TASK TO COMPLETE:
Copy the data verbatim and leave out every picture.

GIVEN DATA:

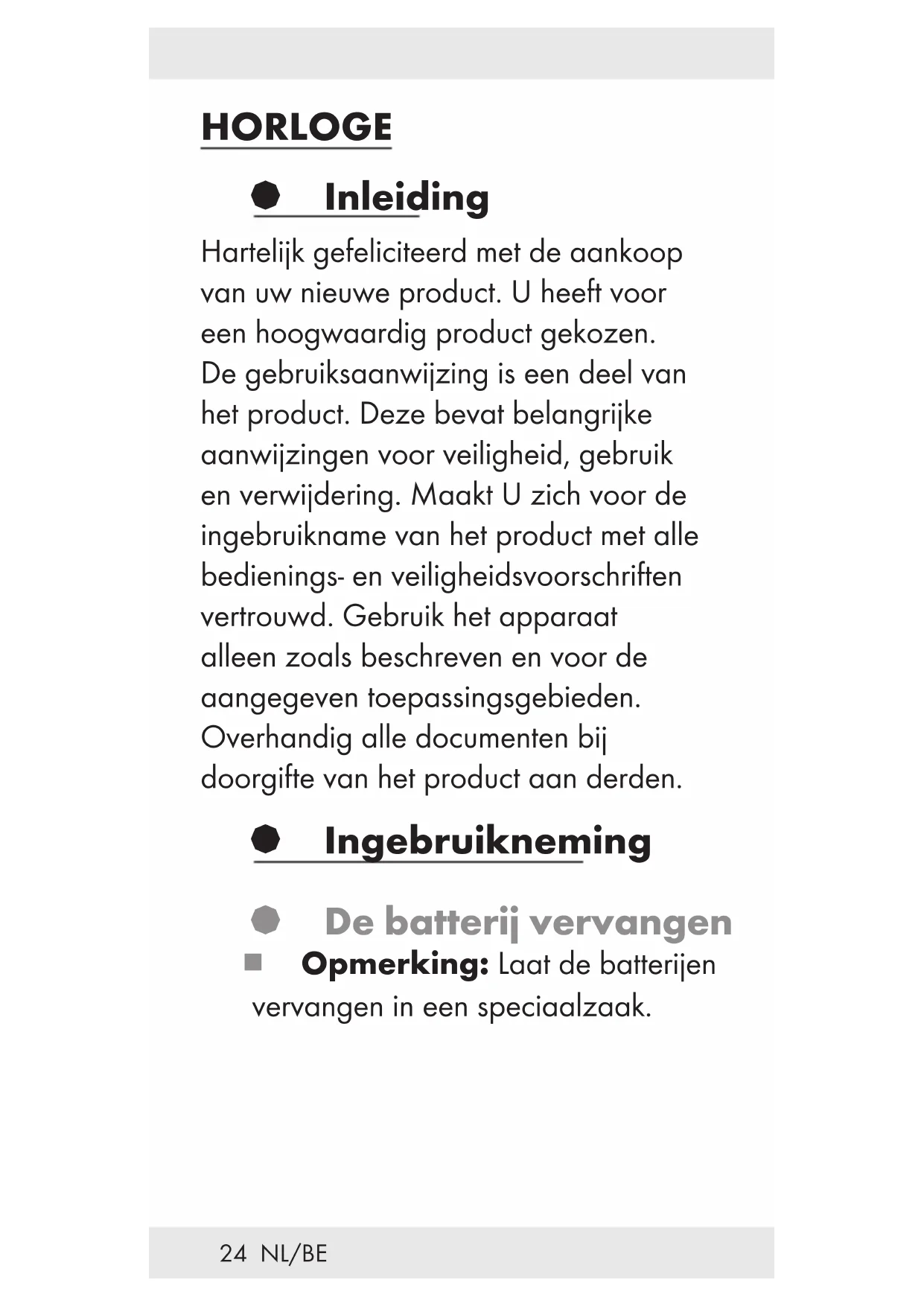 tegen de klok in om het begin van een tijdsbestek te markeren. § Reiniging en onderhoud Reinig het product alleen aan de buitenzijde met een zachte, droge doek.27 NL/BE § Verwijdering De verpakking bestaat uit milieuvriendelijke grondstoffen die U via de plaatselijke recyclecontainers kunt afvoeren. Informatie over de mogelijkheden om het uitgediende artikel na gebruik af te voeren, verstrekt uw gemeentelijke overheid. Voer het product omwille van het milieu niet af via het huisafval, maar geef het af bij het daarvoor bestemde depot of het gemeentelijke milieupark. Voor meer informatie over inzamelpunten en openingstijden kunt u contact opnemen met uw gemeente.28 NL/BE Defecte of verbruikte batterijen moeten volgens de richtlijn 2006 / 66 / G en diens veranderingen worden gerecycled. Geef batterijen en / of het apparaat af bij de daarvoor bestemde verzamelstations. Milieuschade door verkeerde afvoer van batterijen! Batterijen mogen niet via het huisafval worden afgevoerd. Ze kunnen giftig zwaar metaal bevatten en moeten worden behandeld als gevaarlijk afval. De chemische symbolen van de zware metalen zijn als volgt: Cd = cadmium, Hg = kwikzilver, Pb = lood. Geef verbruikte batterijen daarom af bij een gemeentelijk inzamelpunt.29 NL/BE § Garantie Het apparaat wordt volgens strenge kwaliteitsrichtlijnen zorgvuldig geproduceerd en voor levering grondig getest. In geval van schade aan het product kunt u rechtmatig beroep doen op de verkoper van het product. Deze wettelijke rechten worden door onze hierna vermelde garantie niet beperkt. U ontvangt op dit apparaat 3 jaar garantie vanaf de aankoopdatum. De garantieperiode start op de dag van aankoop. Bewaar de originele kassabon alstublieft. Dit document is nodig als bewijs voor aankoop. Wanneer binnen 3 jaar na de aankoopdatum van dit product een materiaal- of productiefout optreedt, dan wordt het product door ons – naar onze keuze – gratis voor u gerepareerd of vervangen. Deze garantie komt te vervallen als het product beschadigd wordt, niet correct gebruikt of onderhouden wordt.30 NL/BE De garantie geldt voor materiaal- en productiefouten. Deze garantie is niet van toepassing op productonderdelen, die onderhevig zijn aan normale slijtage en hierdoor als aan slijtage onderhevige onderdelen gelden (bijv. batterijen) of voor beschadigingen aan breekbare onderdelen, zoals bijv. schakelaars, accu’s of dergelijke onderdelen, die gemaakt zijn van glas. Het verminderen van de waterdichtheid valt eveneens niet onder de garantie. De toestand van de waterdichtheid is geen voortdurende eigenschap en dient daarom regelmatig onderhouden te worden. Houd er alstublieft rekening mee, dat door het openen en repareren van uw horloge door personen, die hiertoe niet gemachtigd zijn, uw garantie komt te vervallen.31 DE/AT/CH ARMBANDUHR § Einleitung Wir beglückwünschen Sie zum Kauf Ihres neuen Produkts. Sie haben sich damit für ein hochwertiges Produkt entschieden. Die Bedienungsanleitung ist Teil dieses Produkts. Sie enthält wichtige Hinweise für Sicherheit, Gebrauch und Entsorgung. Machen Sie sich vor der Benutzung des Produkts mit allen Bedien- und Sicherheitshinweisen vertraut. Benutzen Sie das Produkt nur wie beschrieben und für die angegebenen Einsatzbereiche. Händigen Sie alle Unterlagen bei Weitergabe des Produkts an Dritte mit aus. § Inbetriebnahme § Batterie wechseln Hinweis: Wenden Sie sich zum Wechseln der Batterie an ein Fachgeschäft.32 DE/AT/CH § Anzeige
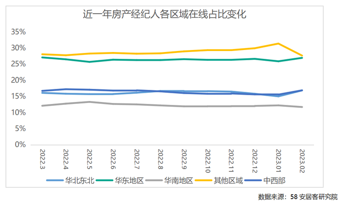 受2022年底房地产市场不景气影响,春节期间,不少发达地区房产中介提前关门放假或歇业,其他区域的影响则没有这么大,因此随着节后返工,其他区域的在线房产经纪公司占比显著减少。
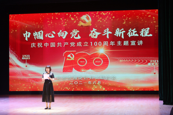 致敬百年征程,奋进再续华章。此次宣讲活动是海淀区妇联“巾帼心向党 奋斗新征程” 庆祝建党一百周系列活动之一,海淀女性们将继续拼搏奋斗,坚定不移听党话、跟党走,为加快建设现代化国际化创新型宜居宜业城区和北京国际科技创新中心核心区、建功“十四五”贡献巾帼力量。

EXERCISE OUTPUT:
 tegen de klok in om het begin van een tijdsbestek te markeren. § Reiniging en onderhoud Reinig het product alleen aan de buitenzijde met een zachte, droge doek.27 NL/BE § Verwijdering De verpakking bestaat uit milieuvriendelijke grondstoffen die U via de plaatselijke recyclecontainers kunt afvoeren. Informatie over de mogelijkheden om het uitgediende artikel na gebruik af te voeren, verstrekt uw gemeentelijke overheid. Voer het product omwille van het milieu niet af via het huisafval, maar geef het af bij het daarvoor bestemde depot of het gemeentelijke milieupark. Voor meer informatie over inzamelpunten en openingstijden kunt u contact opnemen met uw gemeente.28 NL/BE Defecte of verbruikte batterijen moeten volgens de richtlijn 2006 / 66 / G en diens veranderingen worden gerecycled. Geef batterijen en / of het apparaat af bij de daarvoor bestemde verzamelstations. Milieuschade door verkeerde afvoer van batterijen! Batterijen mogen niet via het huisafval worden afgevoerd. Ze kunnen giftig zwaar metaal bevatten en moeten worden behandeld als gevaarlijk afval. De chemische symbolen van de zware metalen zijn als volgt: Cd = cadmium, Hg = kwikzilver, Pb = lood. Geef verbruikte batterijen daarom af bij een gemeentelijk inzamelpunt.29 NL/BE § Garantie Het apparaat wordt volgens strenge kwaliteitsrichtlijnen zorgvuldig geproduceerd en voor levering grondig getest. In geval van schade aan het product kunt u rechtmatig beroep doen op de verkoper van het product. Deze wettelijke rechten worden door onze hierna vermelde garantie niet beperkt. U ontvangt op dit apparaat 3 jaar garantie vanaf de aankoopdatum. De garantieperiode start op de dag van aankoop. Bewaar de originele kassabon alstublieft. Dit document is nodig als bewijs voor aankoop. Wanneer binnen 3 jaar na de aankoopdatum van dit product een materiaal- of productiefout optreedt, dan wordt het product door ons – naar onze keuze – gratis voor u gerepareerd of vervangen. Deze garantie komt te vervallen als het product beschadigd wordt, niet correct gebruikt of onderhouden wordt.30 NL/BE De garantie geldt voor materiaal- en productiefouten. Deze garantie is niet van toepassing op productonderdelen, die onderhevig zijn aan normale slijtage en hierdoor als aan slijtage onderhevige onderdelen gelden (bijv. batterijen) of voor beschadigingen aan breekbare onderdelen, zoals bijv. schakelaars, accu’s of dergelijke onderdelen, die gemaakt zijn van glas. Het verminderen van de waterdichtheid valt eveneens niet onder de garantie. De toestand van de waterdichtheid is geen voortdurende eigenschap en dient daarom regelmatig onderhouden te worden. Houd er alstublieft rekening mee, dat door het openen en repareren van uw horloge door personen, die hiertoe niet gemachtigd zijn, uw garantie komt te vervallen.31 DE/AT/CH ARMBANDUHR § Einleitung Wir beglückwünschen Sie zum Kauf Ihres neuen Produkts. Sie haben sich damit für ein hochwertiges Produkt entschieden. Die Bedienungsanleitung ist Teil dieses Produkts. Sie enthält wichtige Hinweise für Sicherheit, Gebrauch und Entsorgung. Machen Sie sich vor der Benutzung des Produkts mit allen Bedien- und Sicherheitshinweisen vertraut. Benutzen Sie das Produkt nur wie beschrieben und für die angegebenen Einsatzbereiche. Händigen Sie alle Unterlagen bei Weitergabe des Produkts an Dritte mit aus. § Inbetriebnahme § Batterie wechseln Hinweis: Wenden Sie sich zum Wechseln der Batterie an ein Fachgeschäft.32 DE/AT/CH § Anzeige
 受2022年底房地产市场不景气影响,春节期间,不少发达地区房产中介提前关门放假或歇业,其他区域的影响则没有这么大,因此随着节后返工,其他区域的在线房产经纪公司占比显著减少。
 致敬百年征程,奋进再续华章。此次宣讲活动是海淀区妇联“巾帼心向党 奋斗新征程” 庆祝建党一百周系列活动之一,海淀女性们将继续拼搏奋斗,坚定不移听党话、跟党走,为加快建设现代化国际化创新型宜居宜业城区和北京国际科技创新中心核心区、建功“十四五”贡献巾帼力量。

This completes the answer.